Certes, il y a eu des erreurs d’aménagement, voire pire. Oui, certains ont accordé des permis de construire sans tenir compte du danger. Mais il y a aussi des gens qui n’ont pas choisi de s’installer là où ils sont, ou qui sont attachés à un territoire où ils ont leurs racines, leur histoire. Au lieu de stigmatiser, d’exclure, de chercher des boucs émissaires, donnons-nous les moyens de gérer les héritages et de nous préparer à ce qui s’annonce. Une fois de plus, la catastrophe n’est jamais certaine. Mais il faut regarder le problème en face et assumer les conséquences de nos choix, y compris de l’inaction.
Parce que votre vulnérabilité aux risques climatiques diffère énormément selon vos ressources et votre situation personnelle, familiale, etc. De nombreuses études ont montré que tout le monde n’a pas la même capacité à s’adapter et que la vulnérabilité se nourrit des inégalités, qui elles-mêmes se cumulent. En ville, on sait par exemple que les quartiers les plus populaires sont les plus affectés par les canicules, parce que les logements sont des passoires thermiques, mais aussi que l’accès aux soins, à l’information préventive, aux secours est dégradé.
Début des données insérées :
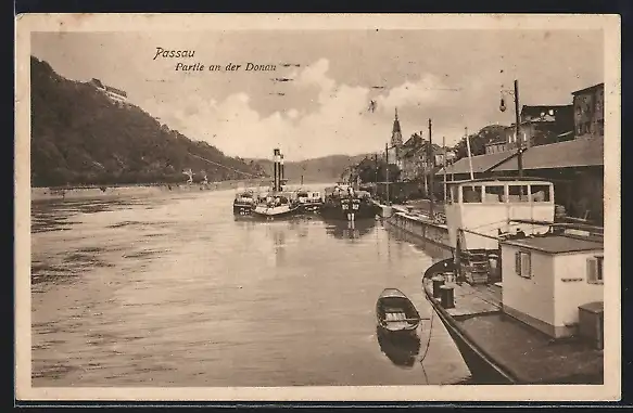 AK Passau, Donaupartie mit Dampfer
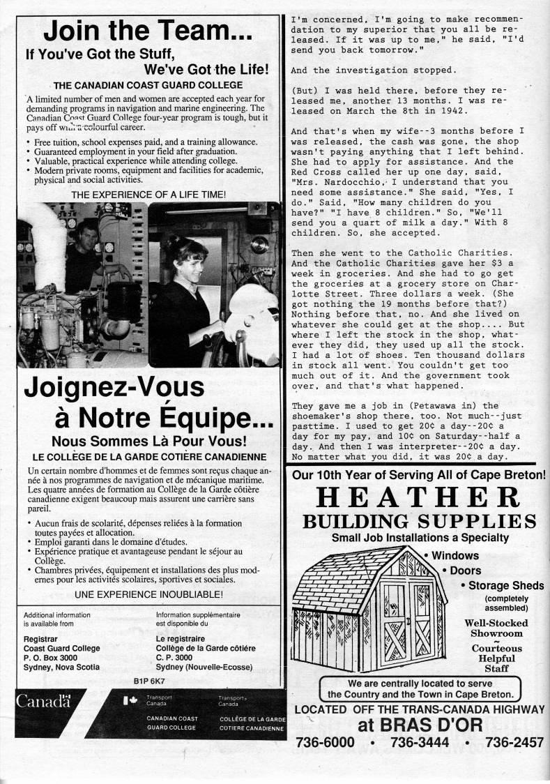 Published by Ronald Caplan on 1990/1/1 (198 reads)Join the Team... If YouVe Got the Stuff, We've Got the Life! THE CANADIAN COAST GUARD COLLEGE "A Umited number of men and women are accepted each year for demanding programs in navigation and marine engineering. The Canadian Con<;t Guard College four-year program is tough, but it pays off wiuiacolourful career. • Free tuition, school expenses paid, and a training allowance. • Guaranteed employment in your field after graduation. • Valuable, practical experience while attending college. • Modem private rooms, equipment and facilities for academic, physical and social activities. THE EXPERIENCE OF A LIFE TIME! Joignez-Vous a Notre Equipe... Nous Sommes La Pour Vous! LE COLLEGE DE LA GARDE COTIERE CANADIENNE Un certain nombre d'hommes et de femmes sont re'us chaque an- nee a nos programmes de navigation et de mecanique maritime. Les quatre annees de formation au College de la Garde cotiere canadienne exigent beaucoup mais assurent une carriere sans pareil. • Aucun frais de scolarite, depenses reliees a la formation toutes payees et allocation. • Emploi garanti dans le domaine d'etudes. • Experience pratique et avantageuse pendant le sejour au College. • Chambres privees, equipement et installations des plus mod- emes pour les activites scolaires, sportives et sociales. UNE EXPERIENCE INOUBLIABLE! Additional information is available from Registrar Coast Guard College P. O. Box 3000 Sydney, Nova Scotia Information suppiementaire est disponible du Le reglstraire College de la Garde cdti're C. P.3000 Sydney (Nouveiie-Ecosse) I'm concerned, I'm going to make recommen? dation to my superior that you all be re? leased. If it was up to me," he said, "I'd send you back tomorrow." And the investigation stopped. (But) I was held there, before they re? leased me, another 13 months. I was re? leased on March the 8th in 1942. And that's when my wife--3 months before I was released, the cash was gone, the shop wasn't paying anything that I left behind. She had to apply for assistance. And the Red Cross called her up one day, said, "Mrs. Nardocchio,' I understand that you need some assistance." She said, "Yes, I do." Said, "How many children do you have?" "I have 8 children." So, "We'll send you a quart of milk a day." With 8 children. So. she accepted. Then she went to the Catholic Charities. And the Catholic Charities gave her $3 a week in groceries. And she had to go get the groceries at a grocery store on Char? lotte Street. Three dollars a week. (She got nothing the 19 months before that?) Nothing before that, no. And she lived on whatever she could get at the shop.... But where I left the stock in the shop, what? ever they did, they used up all the stock. I had a lot of shoes. Ten thousand dollars in stock all went. You couldn't get too much out of it. And the government took over, and that's what happened. They gave me a job in (Petawawa in) the shoemaker's shop there, too. Not much--just pasttime. I used to get 200 a day--200 a day for my pay, and 100 on Saturday--half a day. And then I was interpreter--200 a day. No matter what you did, it was 200 a day. Our 10th Year of Serving All of Cape Breton! HEATHER BUILDING SUPPLIES Small Job Installations a Specialty sr Windows > Doors • Storage Sheds (completely assembled) WeU-Stocked Showroom Courteous Helpful Staff We are centrally located to serve I the Country and the Town in Cape Breton. LOCATED OFF THE TRANS-CANADA HIGHWAY at BRAS D'OR 736-6000 • 736-3444 • 736-2457

Les populations démunies sont souvent « captives ». Faute de ressources, leur mobilité est limitée. Elles ne peuvent pas partir ailleurs, en vacances ou dans une résidence secondaire.
Idem avec le risque d’inondation. On entend par exemple dire que ceux qui habitent le littoral sont forcément des riches, qui auront les moyens de s’en sortir. Les choses sont bien plus compliquées. Les maisons situées en zone inondable ont aussi été construites à destination des petites classes moyennes, pour qui il s’agit des seuls terrains accessibles à la propriété. Et que dire des mobilhomes ou de ceux qui habitent à l’année dans des campings ? Ou de l’habitat précaire et informel dans les outre-mers ? L’adaptation au réchauffement climatique est un enjeu énorme parce qu’il y a derrière des questions de justice sociale et territoriale. Si certains auront les moyens de s’adapter, d’autres non. La puissance publique a donc un rôle immense à jouer pour assurer l’égalité des chances.
Le mot résilience pose problème si on s’en sert juste pour adresser aux individus des injonctions à l’adaptation sans mettre en question les causes structurelles de leur vulnérabilité. Si, pour le dire plus directement, on s’en sert pour justifier le statu quo et exiger des individus qu’ils encaissent et prennent sur eux. Pour ma part, je l’entends au contraire comme un appel à engager des transformations profondes de nos modes de vie afin d’être en mesure d’absorber les perturbations qui nous attendent avec le moins de dommages possibles.
Le progrès technique a eu un effet pervers sur nos sociétés développées. A Saint-Martin, après l’ouragan qui a frappé l’île, on s’est rendu compte que les populations les plus précaires avaient su se débrouiller sans eau, alors que les plus riches non. Nos modes de vie actuels nous rendent très vulnérables. Nous sommes habitués à un certain confort. Je ne dis pas du tout que pour être plus résilient, il faut ériger les bidonvilles en modèle. Mais que le progrès technique, qui nous a permis de vivre mieux, a aussi créé de nouvelles vulnérabilités. Au lieu d’opposer l’âge de pierre et le milliardaire américain qui joue au golf en plein désert, nous pouvons encore dire, collectivement, dans quel monde nous voulons vivre et quel prix, financier, mais aussi éthique, nous sommes prêts, ou non, à payer.